GRAND RAPIDS, Mich. (WOOD) — When Danielle Rosales heard about an arrest in the 1996 murder of Sharon Hammack in Kent County, she immediately thought of her own beloved sister, Sonyia Marie Campos. 

Could the long-haul trucker arrested in Hammack’s murder have been responsible for Campos’ killing too?

The two women were discovered dead just 12 days and 14 miles apart in 1996.  

“I got the chills like I’ve never had before,” she said. “That just went through my body, and I … just started crying and thanking God,” recalled Rosales, through tears. 

Campos’ body was found in September 1996, amid a series of murders in which women were dumped in Kent, Ottawa and Muskegon counties.   

For 26 years, Campos’ family has been desperate to know who killed the kind-hearted and trusting young mother.

On Sunday, Campos’ family gathered at Johnson Park on Grand Rapids southwest side to honor her and release lanterns in her memory. Johnson was Campos’ favorite park, and the family visits every September to honor and celebrate her. 

“This all the time not knowing, it’s just painful,” Danielle Rosales, Campos’ sister, said. “Twenty-six years (and) we don’t know who did it. Why they did it. We need answers.”

At least 13 women were murdered and dumped in and around Grand Rapids between 1994 and 1997. Five of them, including Campos, were found in August and September of 1996.

It wasn’t until Sept. 21, 1996 — 17 days after Campos disappeared — that a passerby discovered her body in the woods near Butterworth Street and O’Brien Road on the city’s southwest side. Twelve days after that, on Oct. 3, the body of 29-year-old Sharon Hammack was found along 76th Street near Kraft Avenue in Caledonia Township.

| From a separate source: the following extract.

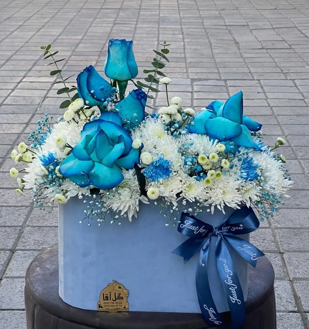 دیزاین انواع باکس و سبد گل: طراحی باکسهای سوپرایزی، سبدهای حصیری و جامهای گل مجلل مناسب برای خواستگاری، تولد و سالگردها.

An arrest was not made in any of their deaths until this year, when Garry Dean Artman, a 64-year-old long haul trucker, was arrested and charged with murdering Hammack.

Artman lived in Grand Rapids in the mid-90s. Detectives say it was DNA from the Sharon Hammack crime scene and advances in technology that led them to Artman.

Now, Campos’ family wonders if Artman could have been her killer, too.

Investigators have not said — and it’s probably too early to know — if Garry Artman is a viable suspect in Campos’ murder. Several police agencies are investigating to determine if Artman could have killed any of the other women.

Rosales said her sister loved children and had a young son she adored.

Artman is in the Kent County jail awaiting trial on Sharon Hammack’s murder.